HER2陽性乳がんは、がん細胞の増殖を促進するHER2タンパク質の濃度が正常値より高いことが特徴である。HER2陽性乳がんは乳がんの約20%を占めており、適切な治療が行われなければ、HER2陰性乳がんに比べて予後が悪くなる。

APT(Adjuvant Paclitaxel and Trastuzumabの頭文字)と呼ばれるこの試験には、リンパ節転移がないまたは1つしかない、3cm以下のHER2陽性乳腺腫瘍がある患者406人が参加した。患者は乳房手術を受けた後、化学療法剤であるパクリタキセルと、HER2タンパク質を標的とする薬剤であるトラスツズマブの投与を12週間にわたり1週ごとに受けた。その後、40週間にわたり1週ごとまたは3週ごとにトラスツズマブの投与を受けた。
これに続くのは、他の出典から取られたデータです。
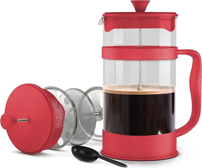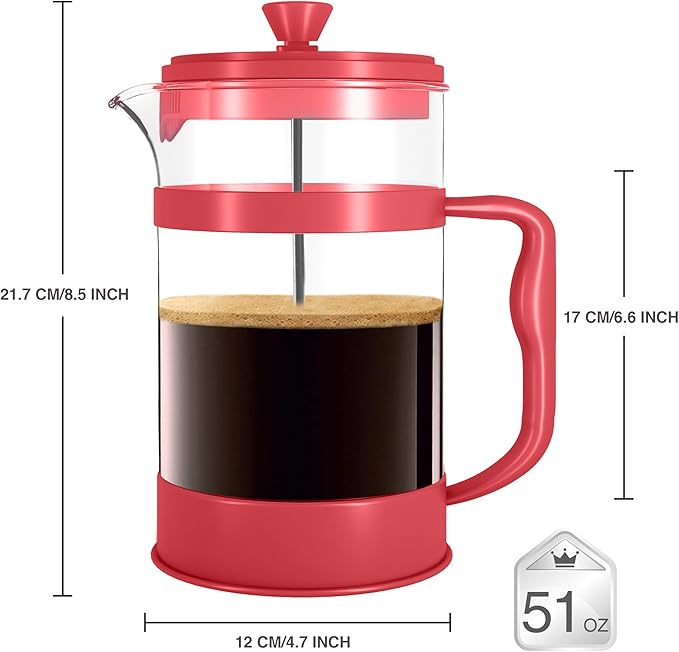 Utopia Kitchen 51 Ounce 1.5 Liter French Press Coffee Maker, Tea Maker, Travel Coffee Presses, Heat Resistant Thickened Borosilicate Coffee Pot for Camping Travel Gifts, Red Pack of 1

追跡調査の解析から、治療から平均10.8年で、参加者の94%が生存していること、また参加者の96.3%が疾患の再発がないことがわかった。乳がん特異的生存率(乳がんで死亡していない人がどれだけいるかという指標)は99.1%であった。

この試験に関連して、参加者284人の腫瘍組織サンプルについてゲノム検査を実施した。その結果、HER2DX(遺伝子発現を利用したツール)のリスクのスコアが低い患者の腫瘍は、スコアが高い患者に比べて、がんの再発が非常に少ないことがわかった。この結果が他の研究によって裏付けられれば、この種の乳がんに対する個別化治療への一歩となる可能性があり、それほど強くない治療で利益が得られる患者や全身治療を全く必要としない患者について医師が特定できる可能性があると、この研究の著者らは述べている。

この試験の統括著者は、元ダナファーバー研究所・現イェール大学がんセンター所長のEric Winer医師である。共著者は、原文参照のこと。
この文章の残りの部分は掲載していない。